Saturday, July 20, 2013

Jason goes to SilentFest--Day 2

I had a long day of work on Friday, but I finally got out in time to make it to the 7:00 show. Now I'm at silent films all weekend. No more thinking about work until Monday...then it'll be a hellacious work week, just in time for Jewfest. But anyway, on to the movies!

THE PATSY (1928): The first movie I saw was a delightful comedy that takes me back to my first experience at the SF Silent Film Festival back in 2008. Let's see what I wrote then (scroll down to the bottom, I put the entire festival in one post):
And the final feature, the comedy "The Patsy" starring Marion Davies and directed by King Vidor. Marion is Patricia Harrington, the little sister of the Harrington family, ruled by a domineering mother (Marie Dressler, also awesome) who clearly prefers her big sister Grace. Pat is more of a daddy's girl, problem is daddy can't stand up to ma. Pat has eyes for Grace's boyfriend, who doesn't even know she exists. Grace is a big flirt and starts canoodling with the local rich playboy, leaving her former beau in the dust. Eventually he actually figures out that Pat is interested, but not before wacky hijinx and uncomfortable mix-ups. And loads of tom-foolery by Davies, including a famous scene of her impersonating other famous female screen legends of the time, that had the house roaring with laughter. An excellent way to end the festival on a high note.
Well, that's a pretty good recapping of the plot (oh yeah, should've come with a SPOILER ALERT!) But it doesn't capture how absolutely hilarious it is. Especially given that Marion Davies is mostly known as Mrs. William Randolph Hearst, unfairly maligned by proxy in CITIZEN KANE, and mostly used in period dramas by Hearst. In fact, she was freakin' hilarious.

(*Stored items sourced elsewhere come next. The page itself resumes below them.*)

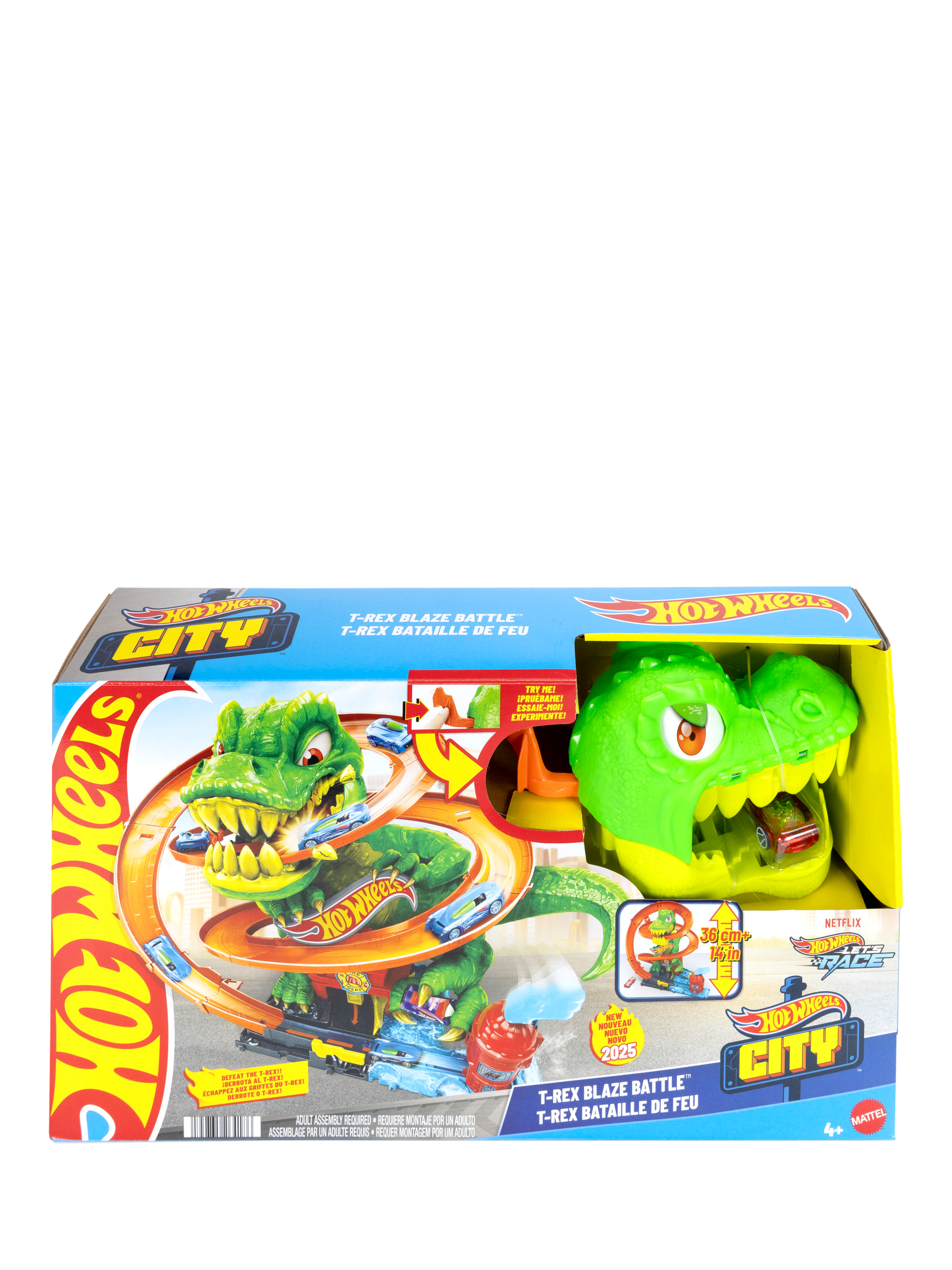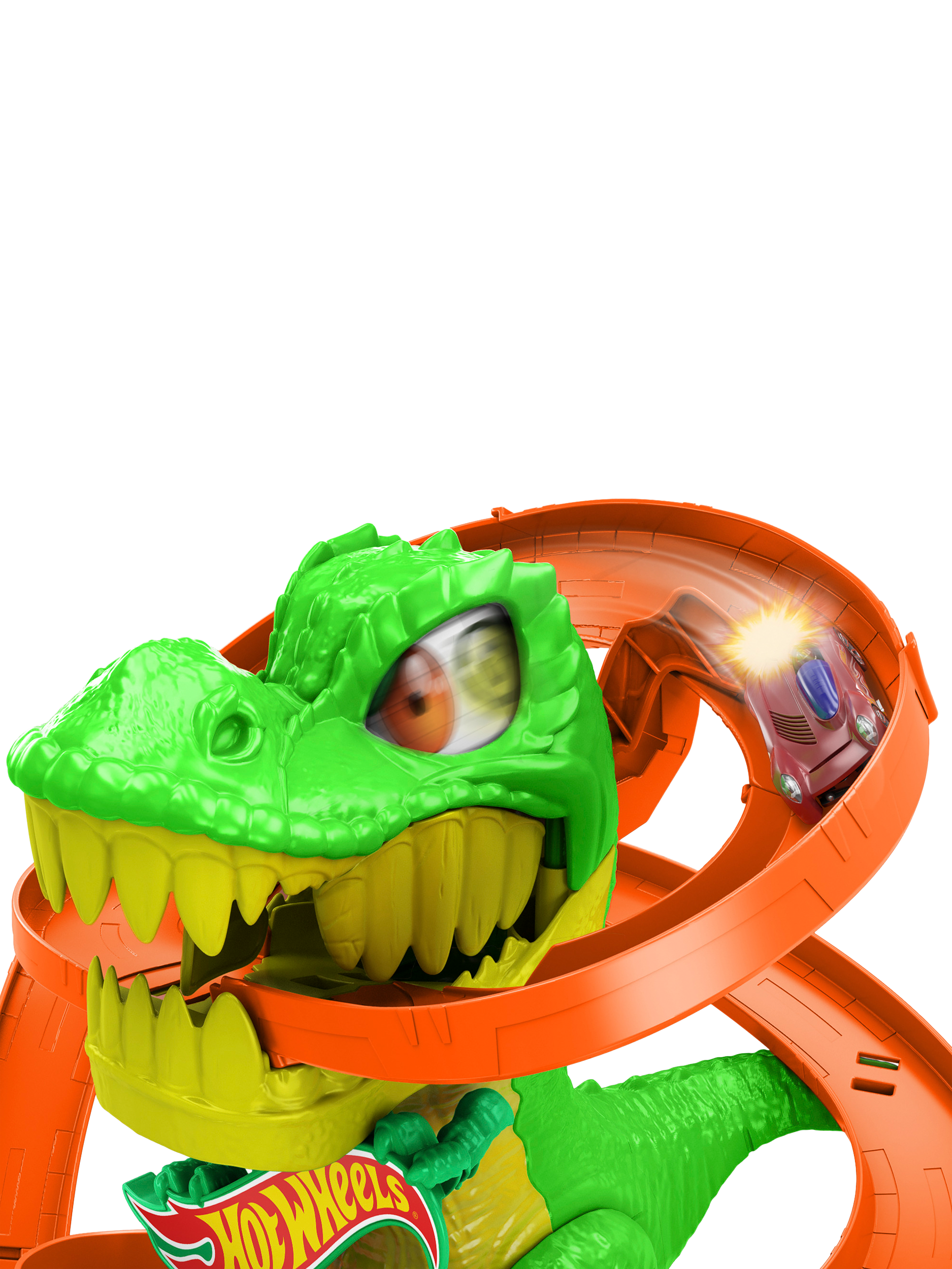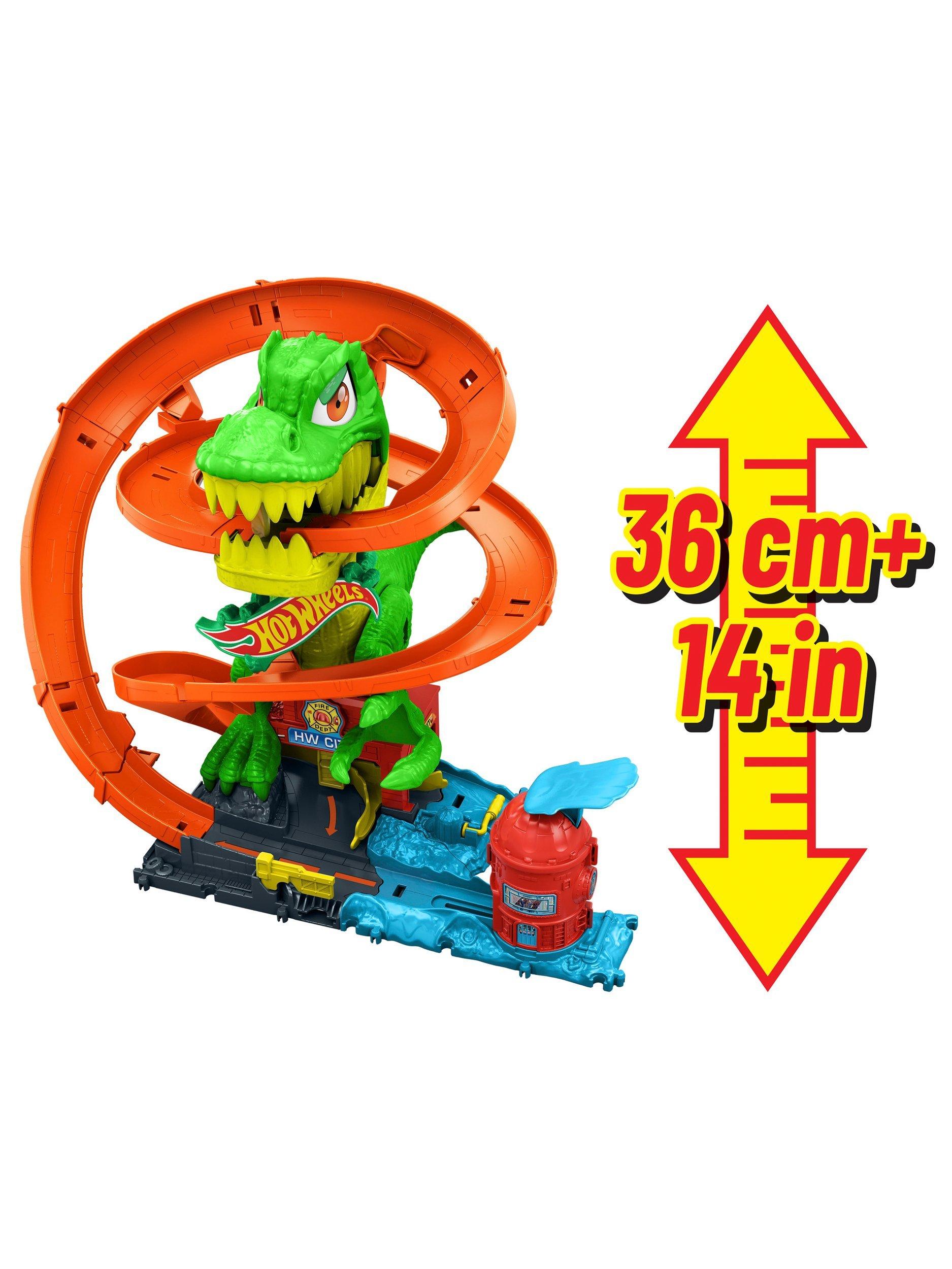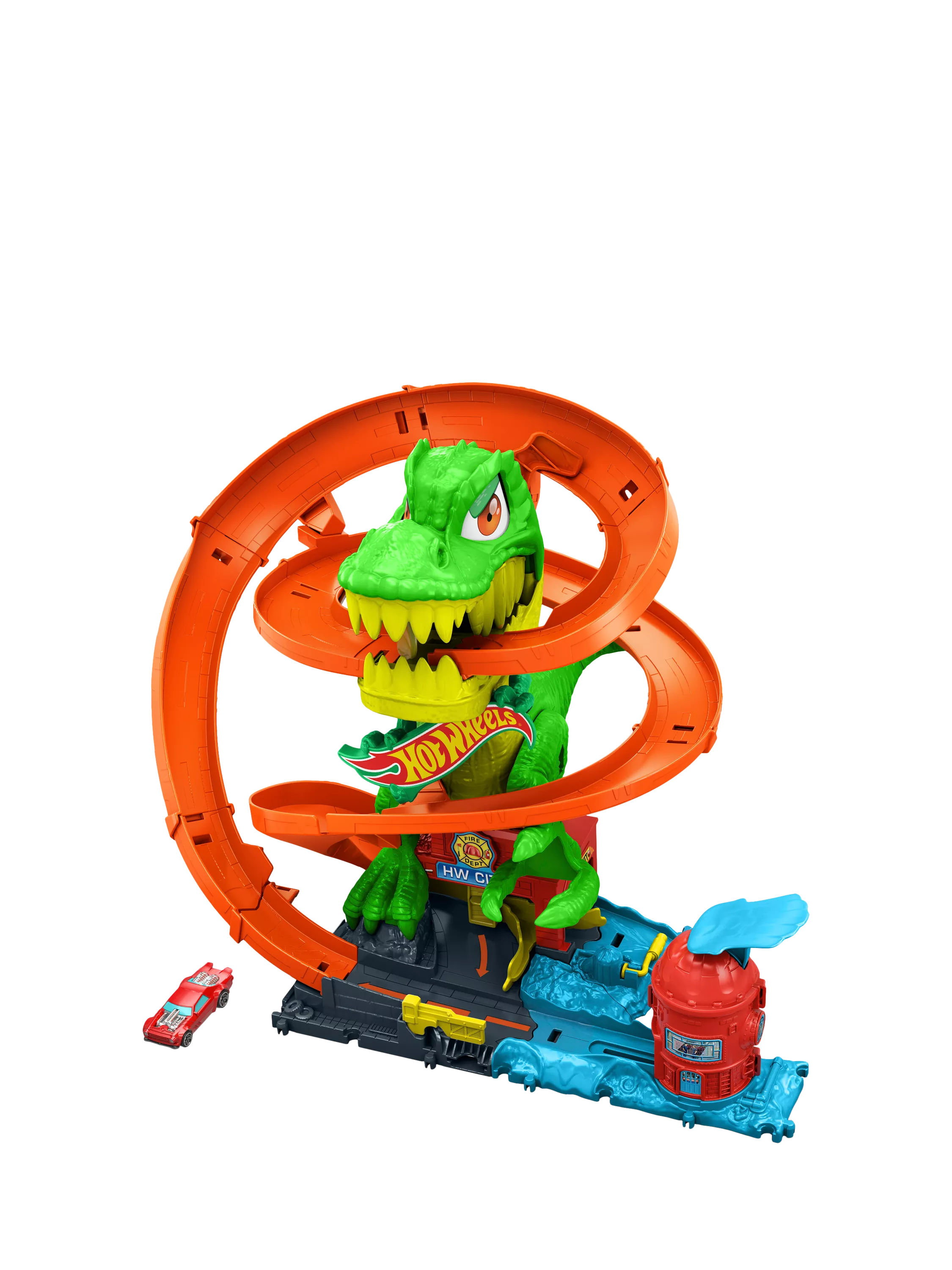 Use epic racing skills to protect Hot Wheels City from a dynamic T-Rex that wants to eat all the cars!
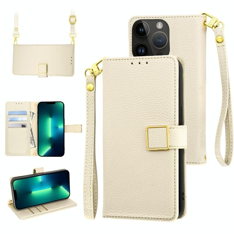 Θήκη τηλεφώνου από δέρμα με υφή λύτσι για iPhone 13 Pro, τύπου crossbody με τετράγωνη αγκράφα (Λευκό)
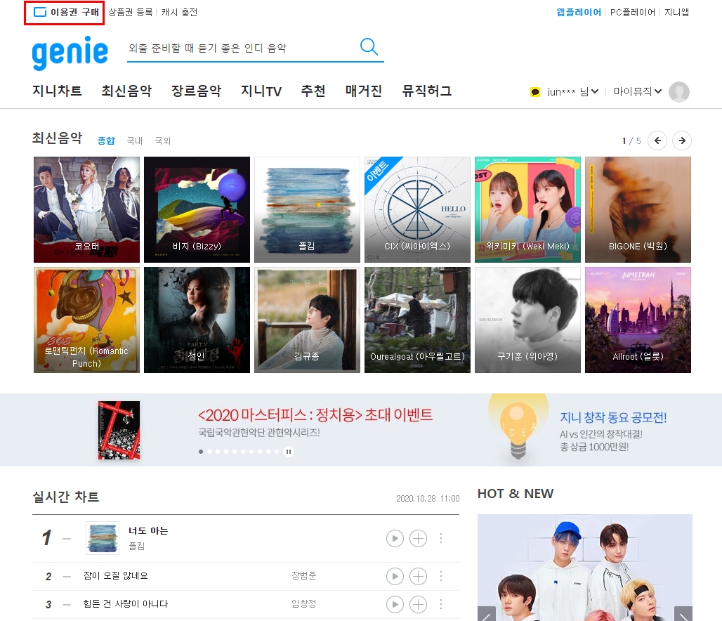 지니 홈페이지에 접속하시면 다음가 같은 화면을 확인 할 수 있습니다. 음악을 제공하는 주요 서비스에 맞게 주로 음악을 소개하는 UI 화면 구성을 가지고 있습니다. 다양한 메뉴 중에서 이용권 요금제를 확인하기 위해서는 "이용권 구매" 라는 메뉴를 클릭하시면 됩니다.

And complementing her comedic talents (and those of her co-stars and director King Vidor) was the excellent Mont Alto Motion Picture Orchestra, with a snappy, funny, upbeat score that perfectly matched the tone of the movie.

THE GOLDEN CLOWN (KLOVNEN) (1926): Then we ended the night switching from comedy to tragedy in this Danish production, introduced by Czar of Noir Eddie Muller. Gösta Ekman stars as the clown, and was a famous Swedish actor and singer of the time. Oddly, his singing talents play a major role in this silent film. He plays a clown for a small, travelling country theater. He was found as a baby and the note with him was in English so they decided his name was Joe Higgins. He's sweet on the circus princess Daisy, and when he's discovered by a famous Parisian and becomes a star, he finally has the money to marry her. Things look to be great (and for the first 45 minutes or so it looked like it might be a feel-good story about nice circus folk finding the good life.) But instead he and his wife get into a love triangle with a fashion editor who woos her while he's too busy working on his act. She falls for the cad, he falls to drinking, and everyone's life gets destroyed. A real downer of a story, but a magnificently told story (featuring a spectacularly staged "Tower of Clowns" by Danish director A. W. Sandberg.

And the careful balance of circus antics and tragic noir melodrama was accompanied brilliantly by The Matti Bye Ensemble.

Now time for a little rest, I've got 6 shows to see tomorrow, starting with Winsor McKay at 10:00 am.